Located with the binaries in the binaries directories is a config.yml file. The config file either needs to be in the same directory as the binary or referenced with a flag.

Now start the poller by dropping into the binaries directory and running the binary for your system. Docker is required to run these binaries. The app provides a sample of the bi-drectional bandwidth by testing both upload and download speeds between the server and poller.

Mac:

cd ./binaries/macosx/
./cbandwidth -config=./config.yml

Linux:

cd ./binaries/linux/
./cbandwidth -config=./config.yml

To view the underlying commands being run such as the iperf polling and the writes to Carbon, simply add the ./cbandwidth -debug flag.

Here is some example output of the app polling three endpoints:

You can also of course run this using go run cbandwidth.go directly. You can also build binaries for your machine type. For other hardware archetectures you can cross-compile in go. I just did the usual Darwin/Linux archs. Supported types can be seen with go tool dist list and is as simple as the following example GOOS=linux GOARCH=amd64 go build -v cbandwidth.go.

Thats it!
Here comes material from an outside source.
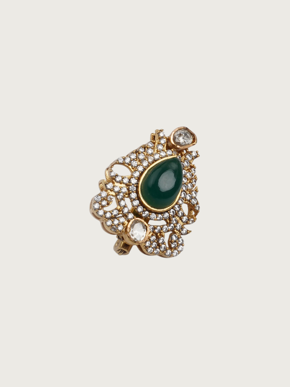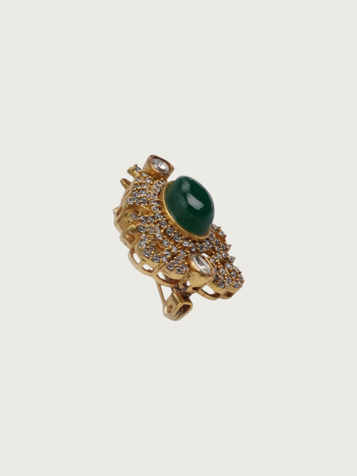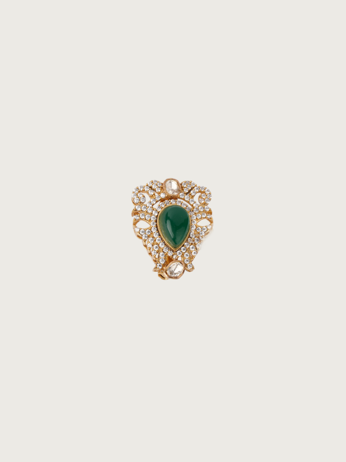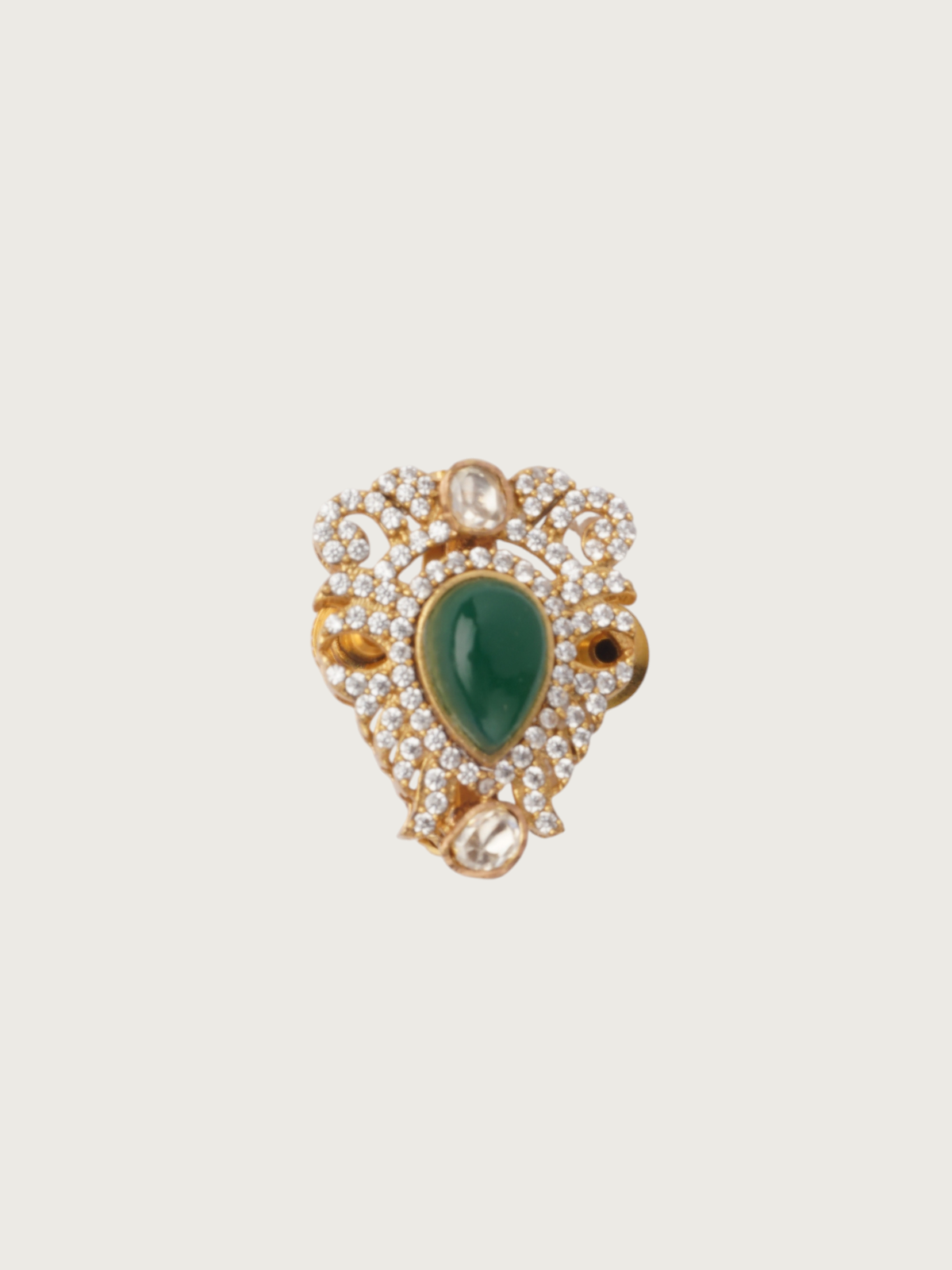 The Green Lace Brooch by Tver is a timeless accessory inspired by Mughal-era designs. Crafted in gold-plated brass, it features a striking green oval center with intricate crystal detailing in a lace-like pattern. A versatile statement piece that blends classic elegance with modern minimalism.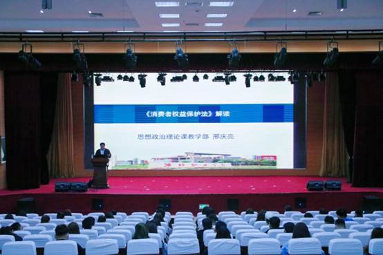 在第39个国际消费者权益日到来之际,为增强老员工法治观念和依法维权意识,3月15日晚上,公司在滨海校区图书馆报告厅和奎文校区16号楼报告厅通过视频连线方式举办“3.15”消费者权益保护专题报告。思想政治理论课教学部主任邢庆亮作消费者权益保护专题报告,青年法学社和同学代表共350余人参加报告会。

Patch, Fork, do whatever you want with it. Thanks to all the various open source projects used for this. Special thanks to ESnet for re-rolling iperf into iperf3. It is really nice how the initialized channel from client -> server is reused for the reverse. It gives you bi-directional measurements without having to expose (or NAT) both endpoints, just the channel initializer. Feel free to open any issues if you run into anything. I will improve things as time permits. Thanks!